Self-Service Configuration

One of the most transformative aspects of the gateway is enabling self-service configuration for non-engineering stakeholders. Before the gateway, any prompt change required an engineer to modify code, create a pull request, get it reviewed, and deploy it. This cycle took days at best.

With the gateway, product managers and AI specialists can modify prompts through a management interface, preview changes against sample inputs, and promote them through environments—all without writing code. This reduced our prompt change cycle from days to minutes and dramatically increased the pace of AI feature iteration.

Self-service capabilities we built:

Prompt editor with preview: Edit prompts and immediately see how they perform against a set of representative inputs
Variable management: Define and manage template variables that get filled at request time (candidate name, job title, company context)
Role-based access control: Different permissions for viewing, editing, testing, and promoting prompts to production
Change history and audit log: Every modification is tracked with who made it, when, and why

The key insight is that prompt engineering isn't purely an engineering discipline. Domain experts—in our case, recruitment specialists—often have the best intuition about how to improve AI interactions with users. Giving them safe, controlled access to prompt management unlocked improvements that our engineers wouldn't have discovered on their own.

Prompt Versioning and Evaluation

We treat prompts as versioned, tested artifacts deployed with the same rigour as application code. Every prompt has a version history, and every version must pass through our evaluation pipeline before reaching production.

Our evaluation pipeline scores prompts on multiple dimensions:

Correctness: Does the output accurately reflect the input data?
Faithfulness: Does the output stay grounded in the provided context without hallucinating?
Relevance: Is the output useful for the intended purpose?
Safety: Does the output avoid harmful, biased, or inappropriate content?
Consistency: Does the prompt produce stable outputs across repeated runs?

This is what the industry calls eval-gated CI/CD—evaluation suites that function like test suites, blocking promotion to production when quality scores drop below thresholds. It's fundamentally different from traditional testing because you can't assert exact outputs.

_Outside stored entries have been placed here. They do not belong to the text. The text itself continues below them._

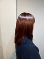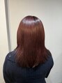 カラー剤にトステアを入れて、艶とダメージ補修。いつも褪色が黄色っぽくなりやすいので、できるだけ黄色になりにくいヴァイオレット系にレッドを入れて、ボルドールビーにしました。
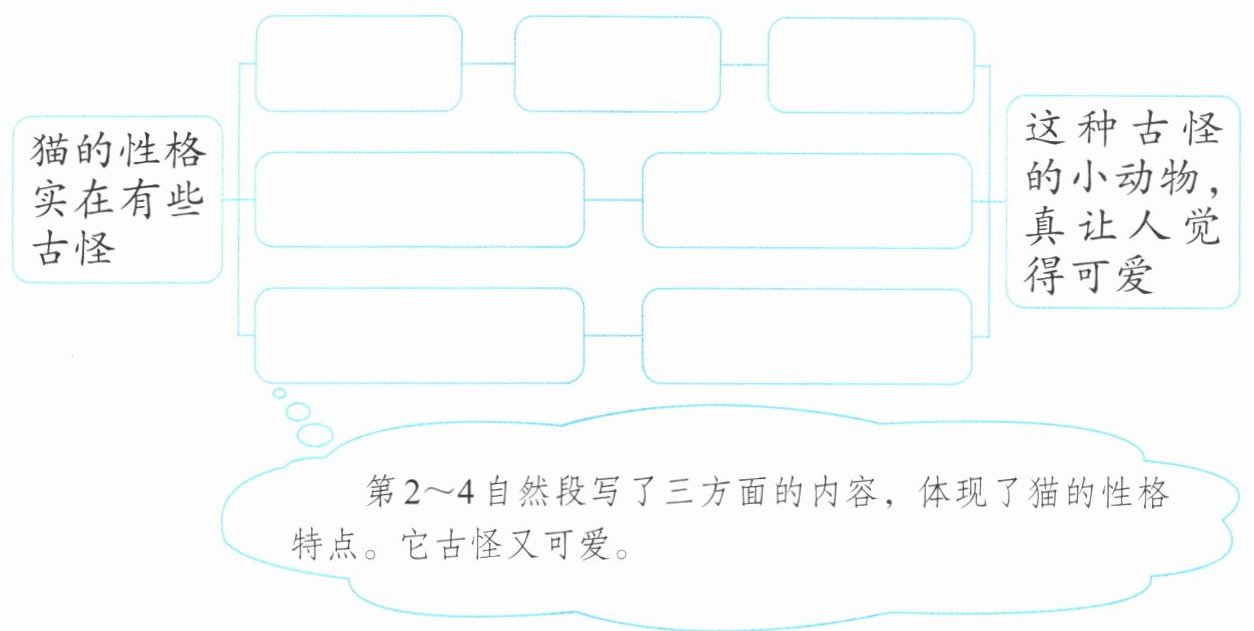 (1) 想一想作者是怎样把“猫的性格实在有些古怪”写具体的,并完成下页示意图。
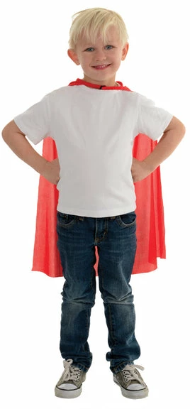 Show off your superpowers with this bright red cape that is the perfect accessory to your heroic costume! Velcro closure at the neck and straight bottom edge. One size fits most toddlers.

Instead, you score on dimensions and set acceptable thresholds.

Our versioning workflow:

Author creates or modifies a prompt in the development environment
Automated evaluation runs against a curated dataset of representative inputs
Results are compared against the current production version
If quality scores meet or exceed thresholds, the prompt is eligible for promotion
A/B testing can optionally split traffic between the new and current version in staging
After validation, the prompt promotes to production with automatic rollback if live metrics degrade

Multi-Region Deployment

PageUp serves customers across multiple regions, and our AI features need to respect data residency requirements. This adds significant complexity to the gateway architecture. A customer's data in one region can't be sent to AI models in another region without careful consideration of privacy regulations and contractual obligations.

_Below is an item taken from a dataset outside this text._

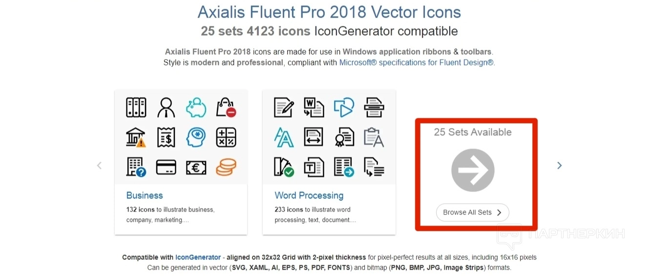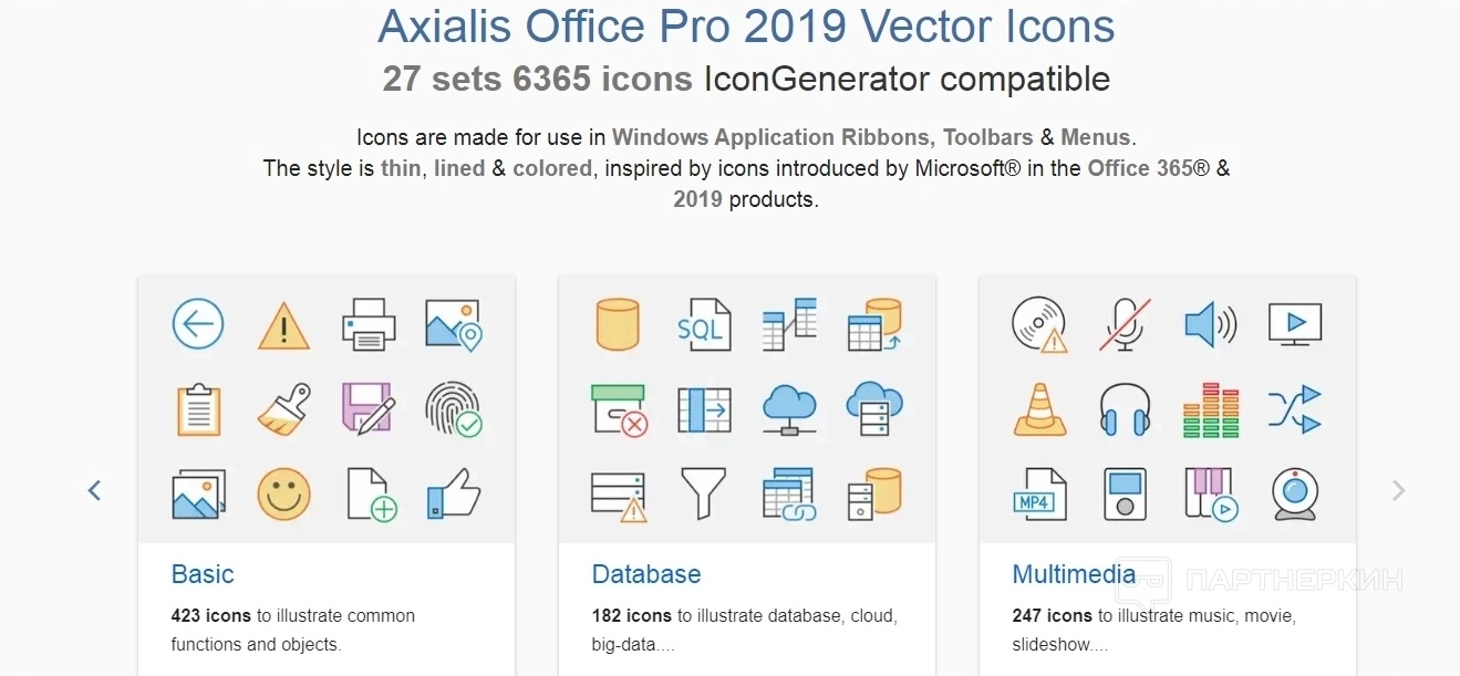 Некоторые из пакетов иконок в дальнейшем можно открывать в программном обеспечении, поэтому по умолчанию на странице каждого набора предлагается скачивание не только изображений, но и сразу же установочного файла программы.

The regulatory landscape is increasingly complex. GDPR imposes strict requirements on where EU data can be processed. The EU AI Act introduces additional data governance requirements for AI systems. Australia has its own privacy framework. And these requirements continue to evolve—the sovereign cloud market is projected to grow from $154 billion in 2025 to $823 billion by 2032, reflecting how seriously organisations are taking data residency.

How our gateway handles multi-region:

Region-aware routing: The gateway automatically routes requests to models deployed in the appropriate region based on the customer's data residency configuration
Prompt synchronisation: Prompt versions are synchronised across regions with eventual consistency, ensuring all regions serve the same version
Regional fallback: If a model is unavailable in the preferred region, the gateway can fall back to another region only if the customer's data residency policy permits it
Latency optimisation: AWS cross-region inference adds only single-digit milliseconds of latency—a small fraction of the total inference time—so region-appropriate routing doesn't meaningfully impact user experience

Observability and Cost Tracking

The gateway's position as a central chokepoint for all AI traffic makes it the natural place for observability and cost management. Every request that flows through the gateway is instrumented with metrics that feed into our monitoring and alerting systems.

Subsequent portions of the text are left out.